RAZ: But it wasn't until 1921 that the first purpose-built mosque came about. That was in Detroit. Why did it take so long?

Prof. CURTIS: The number of practicing Muslims faded among African-Americans by the late 1800s. There's no evidence, with just one or two exceptions, that Muslims passed on their religious traditions to their children.

African-American slaves tended to practice West African traditional religions or Christianity in the 19th century. But as that population of Muslims was declining, the population of Muslims from the Middle East and Southeastern Europe was increasing.

Immigrants came from Turkey, from Syria, and today the countries of Palestine, Jordon, Israel, seeking opportunity like the Southern Italians and the Greeks of the same era. And they were the ones who first began to pray together, probably as early as the 1880s or 1890s. But we just haven't found any archeological or documentary evidence that would establish for us that there was an actual gathering of prayer at some sort of mosque space.

RAZ: Now, today, I think most Americans would be surprised to learn something that you've written about - you write a lot about the myths of Islam in America that far and away, the single largest Muslim ethnic group in America are African-Americans, not Arab-Americans, not South Asians.

Prof. CURTIS: Yeah. And, of course, that goes back to decades, almost a hundred years now. The first African-American indigenous groups of Muslims who were not slaves, they began in the 1920s, even before W.D. Fard Muhammad established the Nation of Islam, which was later taken over by Elijah Muhammad.

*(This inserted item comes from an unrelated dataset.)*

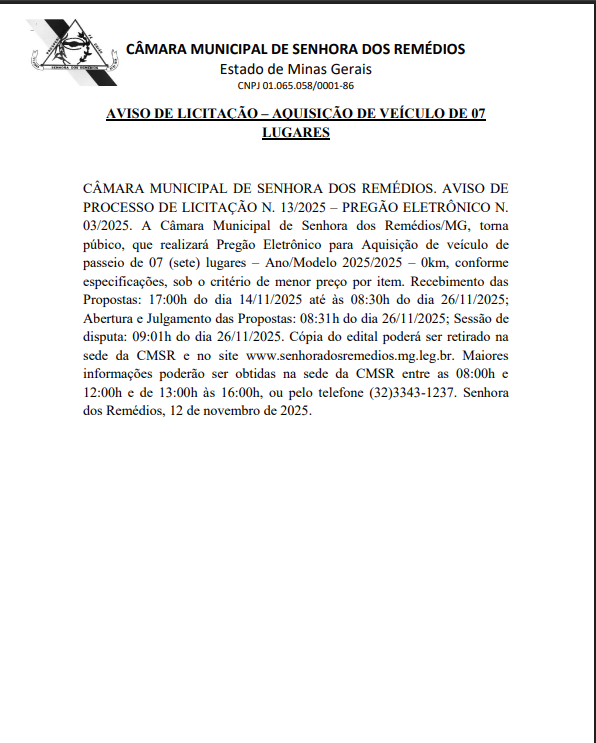 Aviso de Licitação n. 13/2025 – Pregão Eletrônico n. 03/2025- Aquisição de veículo de 07 (sete) lugares. A Câmara Municipal de Senhora dos Remédios/MG, torna público, que realizará Pregão Eletrônico para Aquisição de veículo de passeio de 07 (sete) lugares – Ano/Modelo 2025/2025 – 0km, conforme especificações, sob o critério de menor preço por item. Recebimento das Propostas: 17:00h do dia 14/11/2025 até às 08:30h do dia 26/11/2025; Abertura e Julgamento das Propostas: 08:31h do dia 26/11/2025; Sessão de disputa: 09:01h do dia 26/11/2025. Cópia do edital poderá ser retirado na sede da CMSR e no site www.senhoradosremedios.mg.leg.br. Maiores informações poderão ser obtidas na sede da CMSR entre as 08:00h e 12:00h e de 13:00h às 16:00h, ou pelo telefone (32)3343-1237. Senhora dos Remédios, 12 de novembro de 2025.

In the 1920s, we already had several different groups of African-American Muslims practicing what is often referred to as Orthodox Islam well before World War II.

RAZ: Edward Curtis, based on your research, can you assess what the kind of the mainstream American perspective was on Muslims throughout most of American history? I mean, how did Americans see Muslims?

Prof. CURTIS: Muslims have been important players in the American national consciousness since the days of the Puritan. Cotton Mather thought that Muslims were a sign of a Christian schism. That kind of misunderstanding or negative view of Islam has been with us always, and it's kind of come and gone in cycles.

RAZ: When did we first sort of start to see really pronounced anti-Muslim sentiment in America? I mean, is what we're seeing today pretty new?

Prof. CURTIS: Well, it's really hard to compete with Cotton Mather and some of the Protestant evangelicals of the 1820s and '30s who go on and on about Muhammad and Muhammadans, or Muslims, being the antichrist.

So in terms of that viciousness, I don't think, you know, that it's gotten any worse since then. But I would say that until there was a significant population of Muslims here, then sometimes that kind of prejudice didn't lead into discrimination and hate crimes until really pretty recently.

RAZ: That's Edward Curtis. He is a religious studies professor at Indiana University-Purdue University in Indianapolis and the author of the book "Muslims in America: A Short History."

Edward Curtis, thank you so much.

Prof. CURTIS: Thank you, Guy.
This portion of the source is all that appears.